A 10-year-old boy presents with a history of central abdominal pain of a few hours' duration. On examination he has minimal tenderness in the right iliac fossa and no abnormal findings on rectal examination. Which of the following alternatives should be carried out?
- A. Arrange a barium meal follow through.
- B. Arrange to see the patient later on in the day for review.
- C. Send the patient away with instructions to return if the pain becomes worse.
- D. Tell the patient to come back in a week.
Correct Answer: B
Rationale: Early appendicitis can present subtly. Minimal right iliac fossa tenderness warrants observation, so reviewing later (B) is appropriate. Imaging (A), dismissal (C, D), or immediate surgery (E) without further assessment are not justified yet.
Which nursing progress note would most suggest that the treatment plan of a severely depressed and withdrawn patient has been effective?
- A. Slept 6 hours straight, sang with activity group, eager to see grandchild.
- B. Slept 8 hours, attended craft group, ate half of lunch, denies suicidal ideation.
- C. Slept 10 hours, personal hygiene adequate with assistance, lost one pound.
- D. Slept 7 hours on and off, reports "food has no taste", no self-harm noted.
Correct Answer: A
Rationale: The correct answer is A because it indicates positive changes in mood, engagement, and social interaction, which are key indicators of effective treatment for severe depression. Sleeping 6 hours straight shows improved sleep patterns, singing with the activity group reflects increased participation and enjoyment, and being eager to see the grandchild demonstrates a renewed sense of joy and connection.
Choice B is incorrect because although the patient denies suicidal ideation, the level of activity and engagement is not as high as in choice A. Choice C is incorrect as the focus is on physical aspects rather than emotional well-being and social interaction. Choice D is incorrect because the patient still shows signs of depression such as lack of appetite and loss of interest in activities.
What is a key consideration when treating a patient with anorexia nervosa?
- A. Addressing the patient's weight first and foremost.
- B. Focusing on nutrition and caloric intake without addressing underlying issues.
- C. Addressing the psychological and emotional factors that contribute to the disorder.
- D. Providing strict dietary restrictions to help the patient regain control over food.
Correct Answer: C
Rationale: The correct answer is C because addressing the psychological and emotional factors is crucial in treating anorexia nervosa. This disorder is not solely about weight or food intake; it often involves deeper psychological issues such as body image distortion, low self-esteem, and control issues. By focusing on the underlying psychological and emotional factors, therapists can help patients understand and cope with these issues, leading to more effective and sustainable recovery. Choices A, B, and D are incorrect because they overlook the complexity of anorexia nervosa and may even exacerbate the patient's condition by neglecting the root causes of the disorder.
When a victim of sexual assault is discharged from the emergency department, the nurse should:
- A. Notify the patient's family of the event to ensure support for the patient.

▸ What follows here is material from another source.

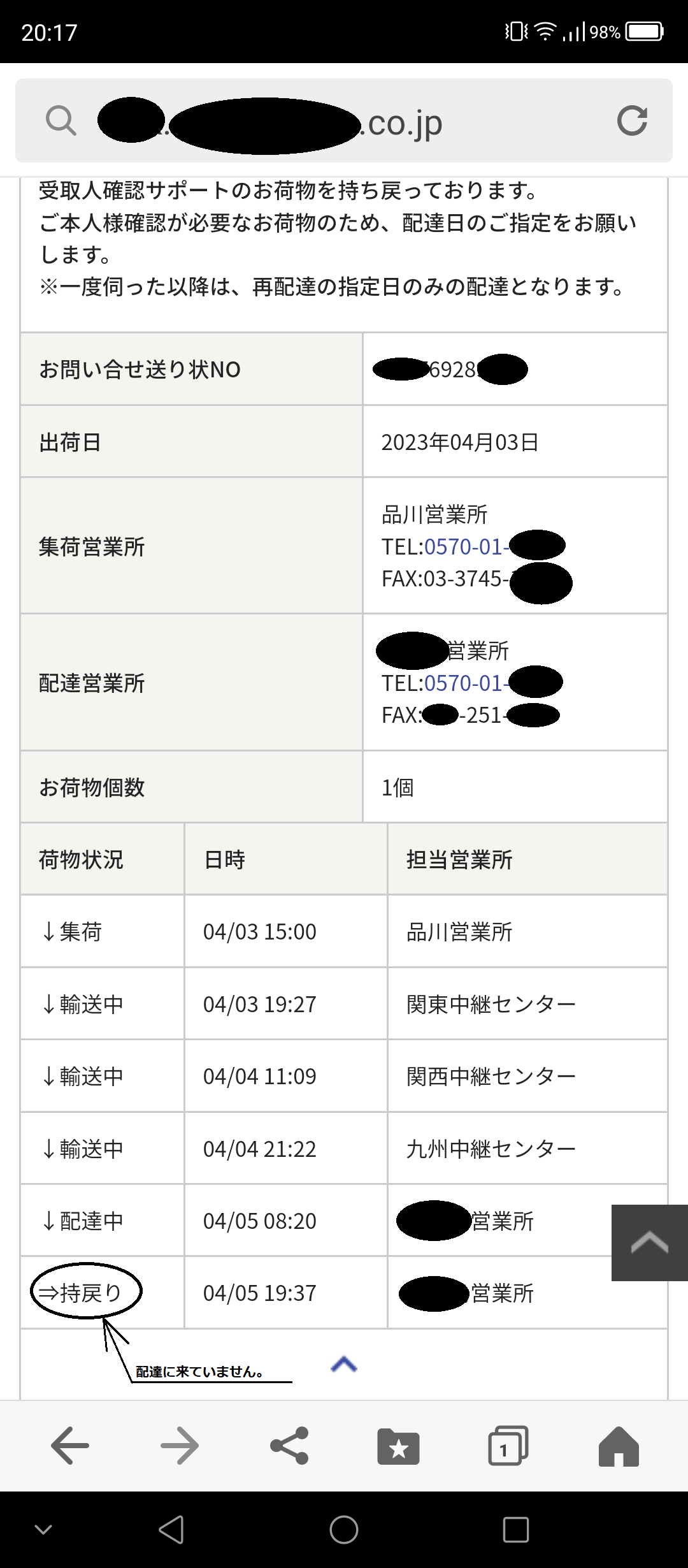 2023/04/05 PM7:37 宅配便の「持戻り」となっていました。

- B. Offer to stay with the patient until stability is regained.
- C. Advise the patient to try not to think about the assault.
- D. Provide referral information verbally and in writing.
Correct Answer: D
Rationale: The correct answer is D because providing referral information verbally and in writing ensures that the victim has access to appropriate resources for follow-up care and support. This step is crucial in helping the victim navigate the emotional and physical aftermath of the assault.
A: Notifying the patient's family without the patient's consent could violate the patient's privacy and autonomy.
B: While offering to stay with the patient shows support, it may not always be feasible and may not address the victim's long-term needs.
C: Advising the patient to try not to think about the assault is dismissive of their trauma and does not provide constructive support.